“Liberty (n): (1) the quality or state of being free: (a) the power to do as one pleases, (b) freedom from physical restraint, (c) freedom from arbitrary or despotic, (d) the positive enjoyment of various social, political, or economic rights and privileges, (e) the power of choice.” – Merriam-Webster
*Trigger warning: This post contains references to suicide, rape and abuse. If you are underage or sensitive to such material, I suggest that you stop here and turn back.
CHAINED TO MY PAST
Talking about my ex was always something I found difficult to do. He hurt me in unimaginable ways. I think the physical hurt was the easiest part though it seemed like torture in the moment. However, the emotional trauma seemed to be like an extension to unwanted prison sentence for a crime I did not commit.

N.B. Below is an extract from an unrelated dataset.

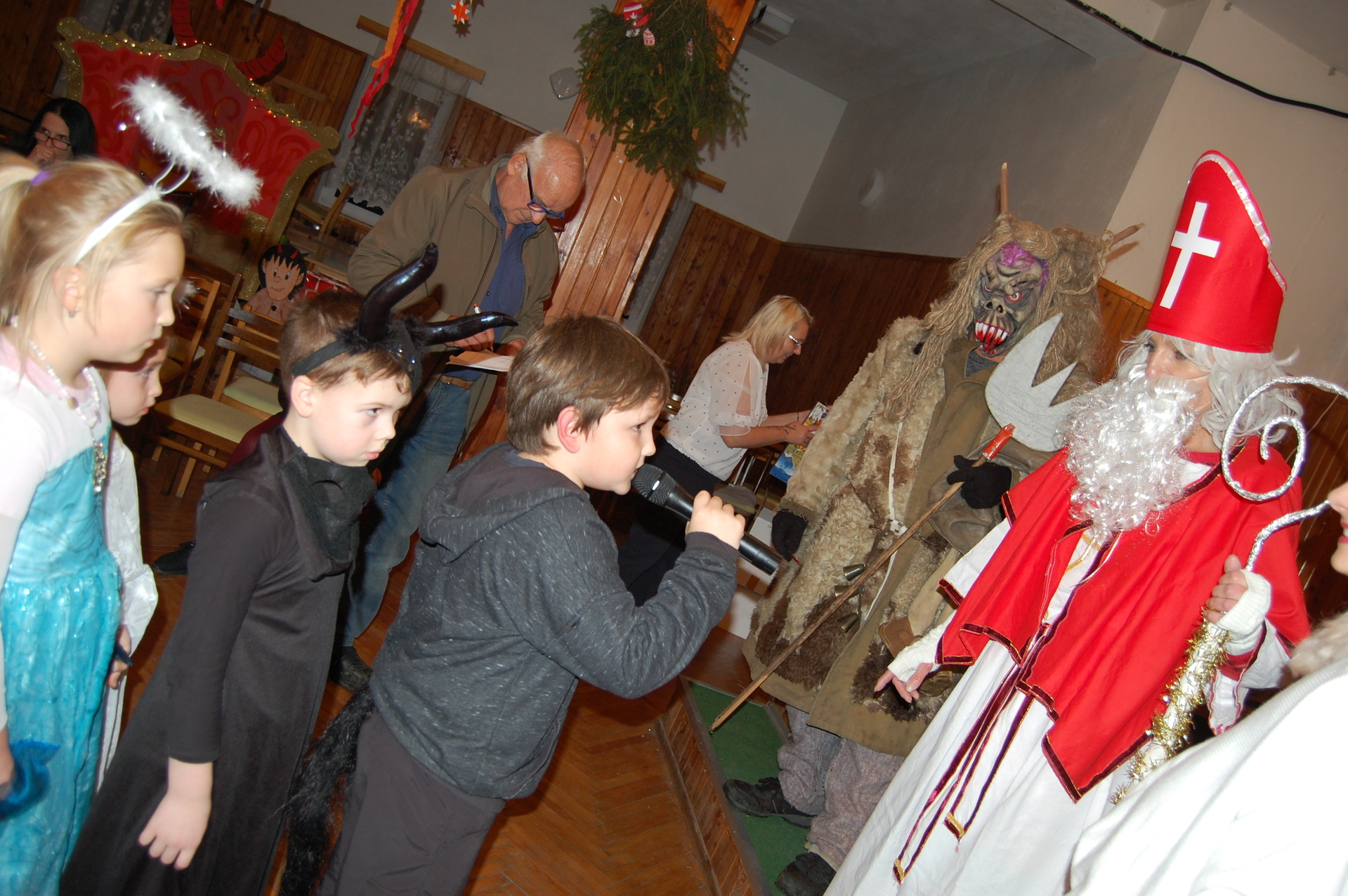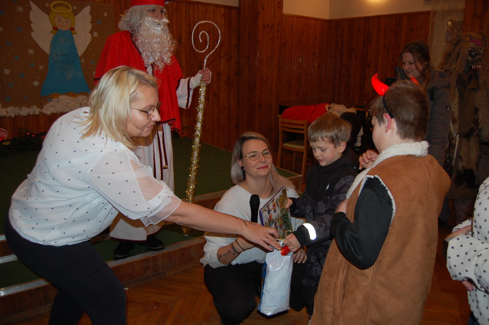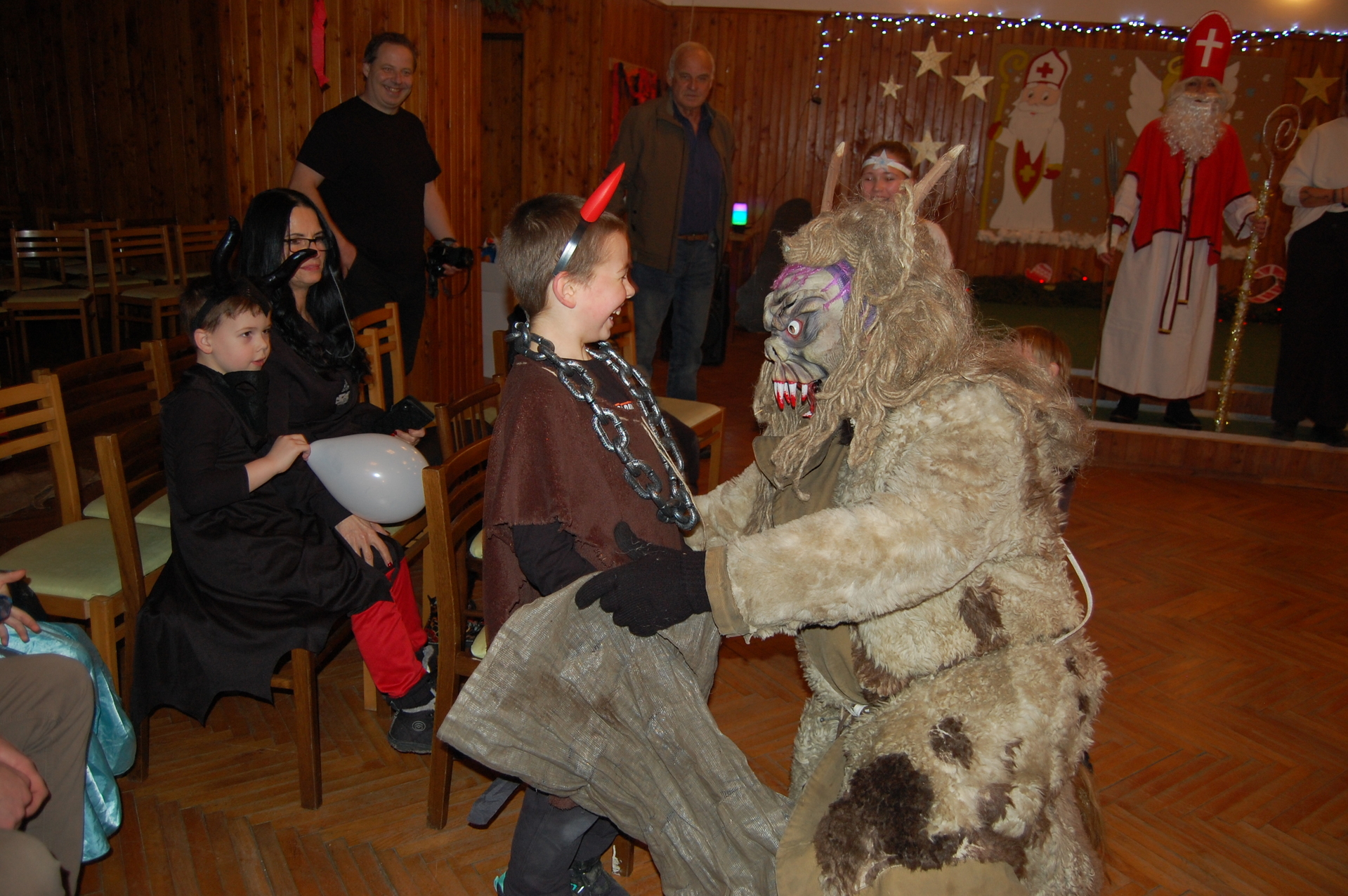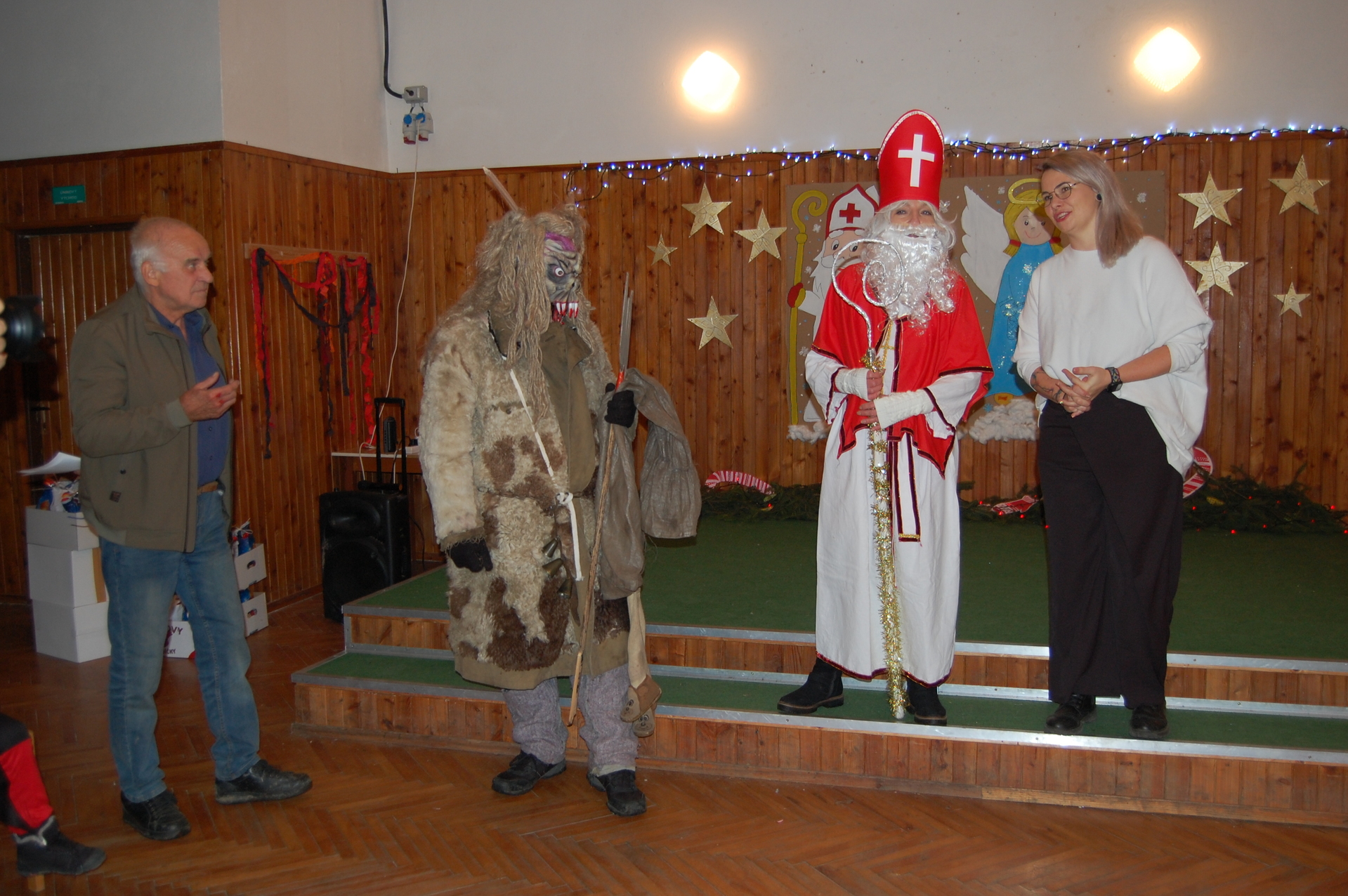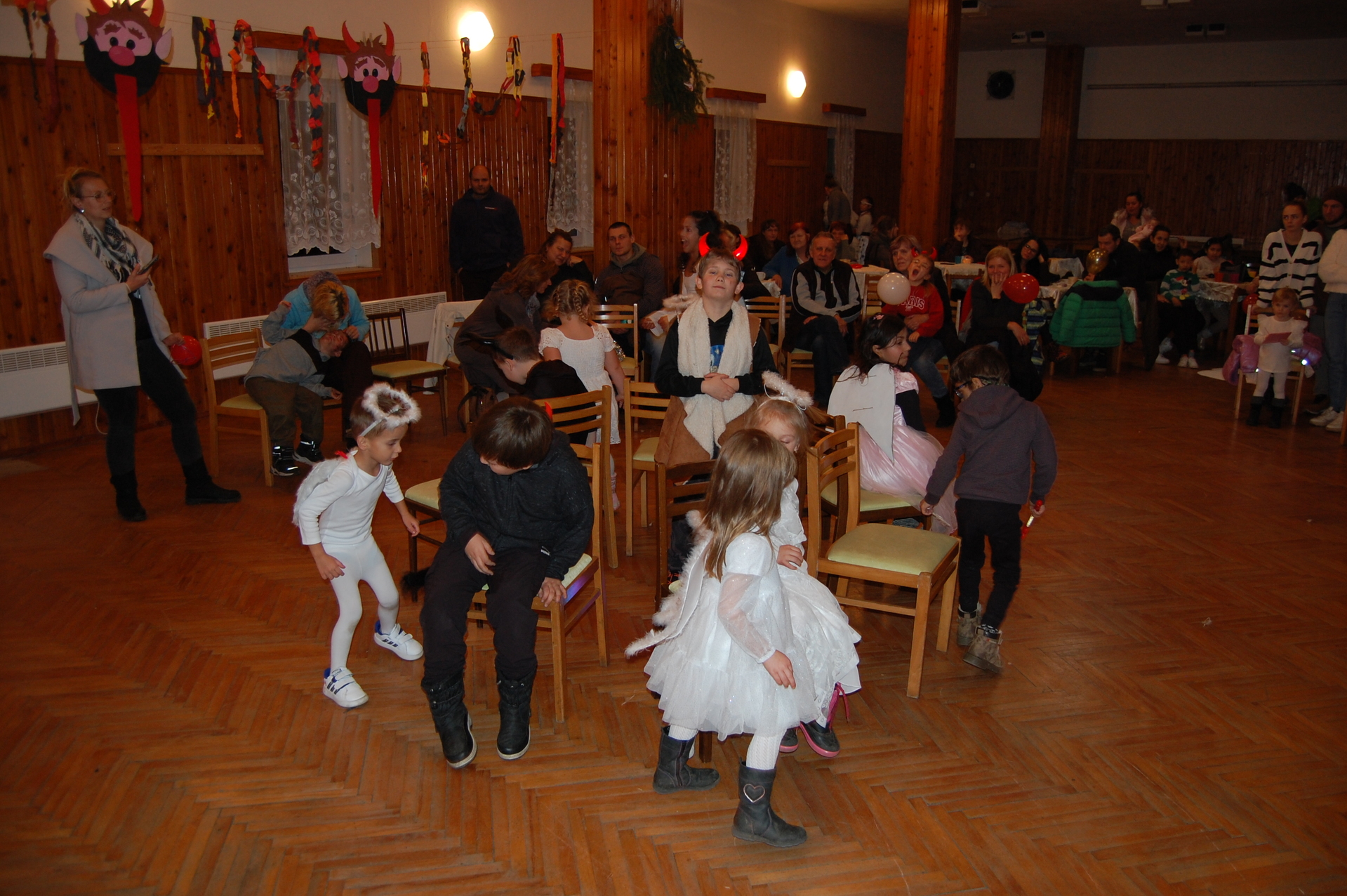 Po oficiálním programu jsme si společně zatančili, zahráli si oblíbenou židličkovanou a užili si příjemné chvíle s rodiči, dětmi a přáteli. Besídka by samozřejmě nebyla úplná bez návštěvy Mikuláše a čerta, kteří dorazili společně s panem starostou a přinesli dětem milou nadílku, za kterou velmi děkujeme.

My friends and family are forbidden from saying his name. I think hearing or seeing his same is a trigger for me in and of itself. For some people, reading about rape or abuse would be a trigger, but even though, I’ve experienced those things, it isn’t for me. It’s only his name that gives me nightmares. Maybe if I saw his face or heard his voice again, I’d shut down or panic.
Lately, he’s been trying to contact me again and every time he does, it does trigger me. In a way, I am chained to my past. Healing from the physical rape was the easy part, but emotionally, I may never be the same. I find it difficult to trust and I fear abandonment. When I finally do let someone in, I hold on tight and hope they don’t abandon me. I think this fear stems from the emotional abuse and hearing that no other man would want or love me.

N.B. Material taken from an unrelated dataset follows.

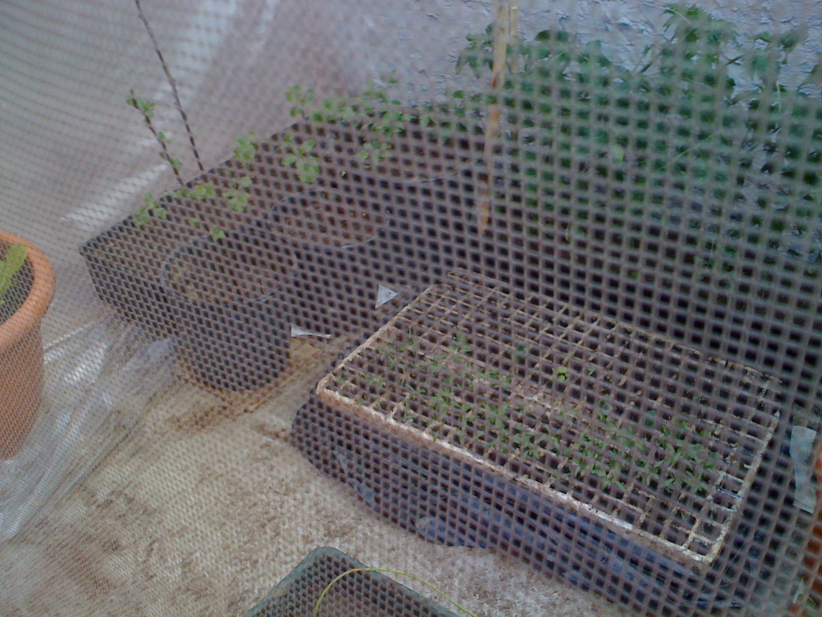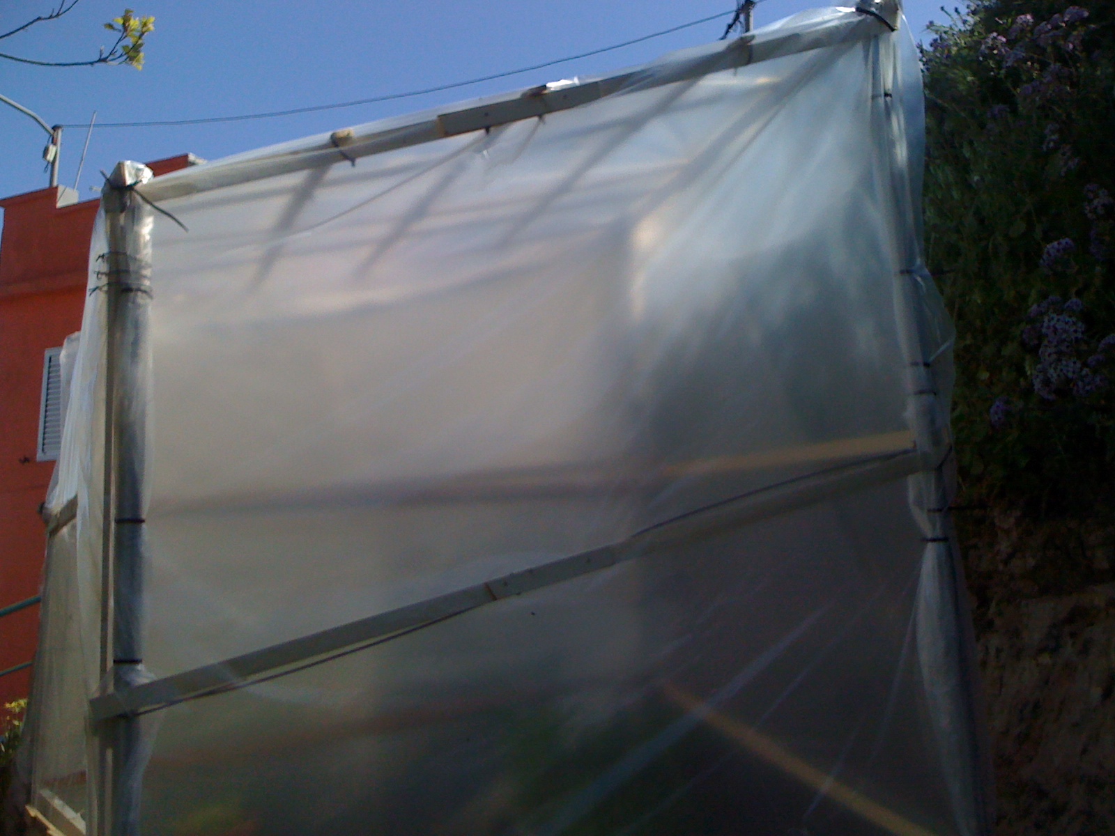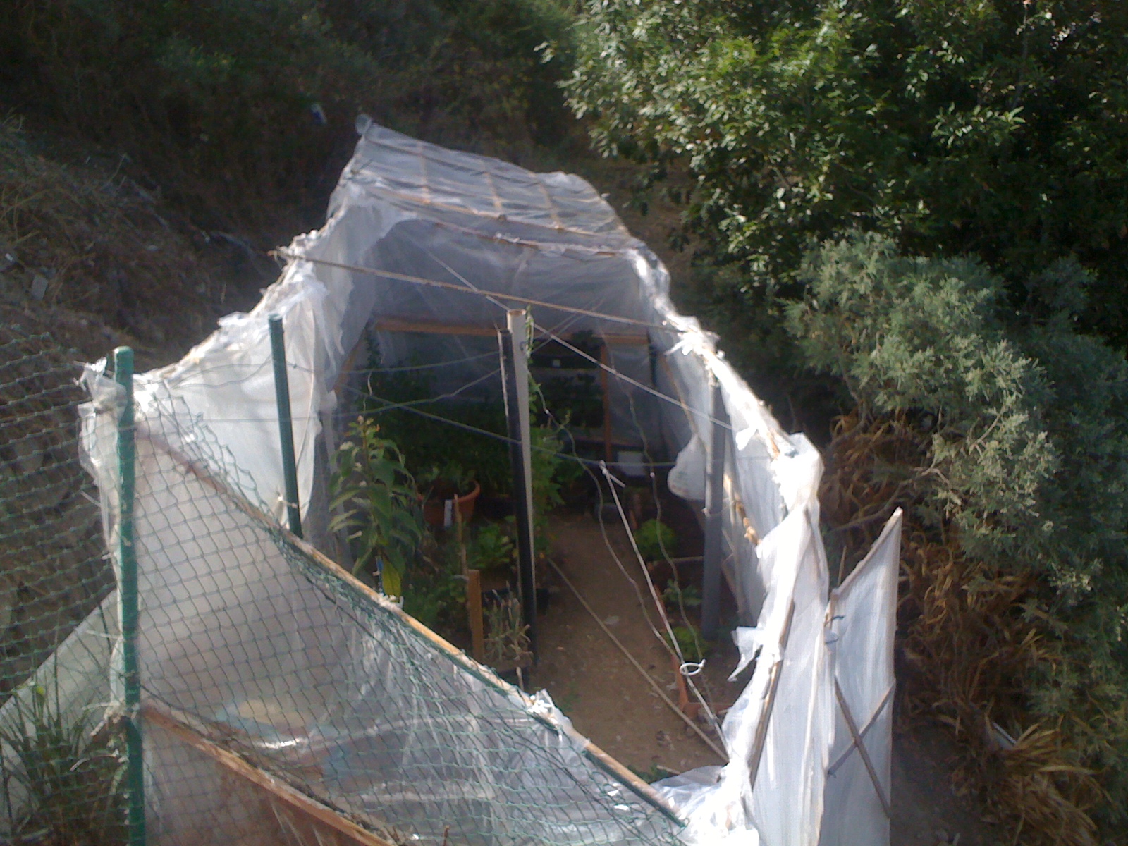 aquí se aprecia la tela metálica por la parte de atrás del invernadero

In part, my past holds me captive and I’m stuck in the shackles and chains he locked me in.
LIBERTY IN LOVE
But I think liberty can be found in love. Love has the power to break the chains that hold us captive. It can look different for each and every one of us because my shackles aren’t necessarily your shackles. My pain isn’t necessarily your pain and my struggles may not be the same as your struggles.

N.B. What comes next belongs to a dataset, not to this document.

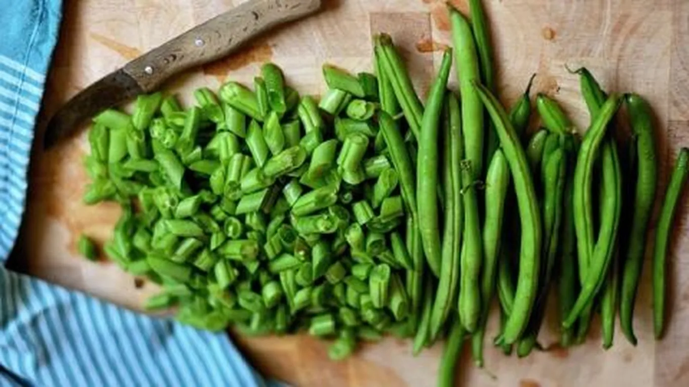- تقطيع الخضراوات، والفاصولياء بواسطة سكين حادة إلى قطع متوسطة الحجم.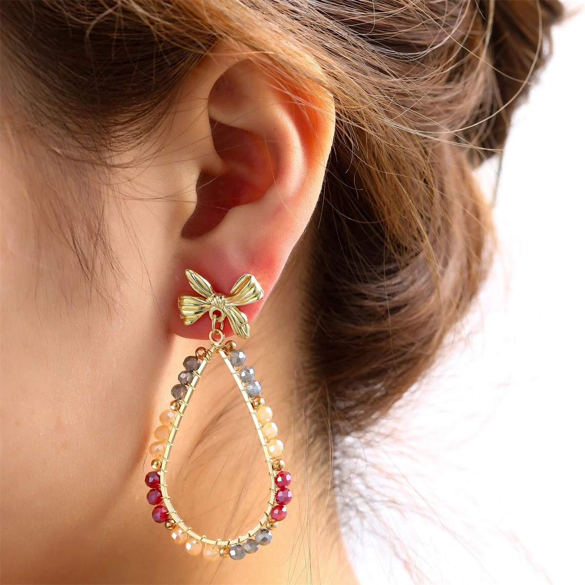De Day & Eve oorstekers Bow Drop Dangle, zijn 14K vergulde oorringen met een elegante taupe en bordeaux afwerking. Ideaal voor een verfijnde look, zijn deze sieraden perfect voor zowel formele als informele gelegenheden.

I think back to a time when I was suicidal. Thoughts of just ending it crossed my mind many times. I even tried to cut myself because I was so depressed. My depression was my shackle and chain at the time. But yes, liberty was found through love. It wasn’t necessarily a boyfriend or a Dominant who set me free. No, it was the love of a faithful friend that set me free. It was not just a love seen through words, but by actions to fight for my mental health when I could not do so myself.
With my ex, liberty is once again found in love. Sir’s care for me in the midst of my darkness freed me from the shackles of the shame and guilt. He freed me from this prison of feeling like I was unlovable and unwanted. Sir set me free from the shackles of loneliness.
LIBERTY FROM THE SHACKLES
The shadow of abuse is a shackle in and of itself. It leaves a scar that may last for a lifetime making it hard to trust others again, but love is the key that set me free. While I will never be the same as I was before my ex had raped and abused me, it no longer defines me.
Yes, when he tries to contact me, I get scared of what he could possibly do again. I think that fear is another form of a prison and this case my ex is the warden. But, I am no longer repressed by the guilt and shame that once ate away at me. I am free to love and be loved.
Audre Lorde said, “I am not free while any woman is unfree, even when her shackles are very different from my own.” So while, I celebrate that I am no longer enslaved by my shame from being raped and abused, I recognize there are still many shackles that hold women in captivity. And until the world becomes a safer place for women, none of us are truly free.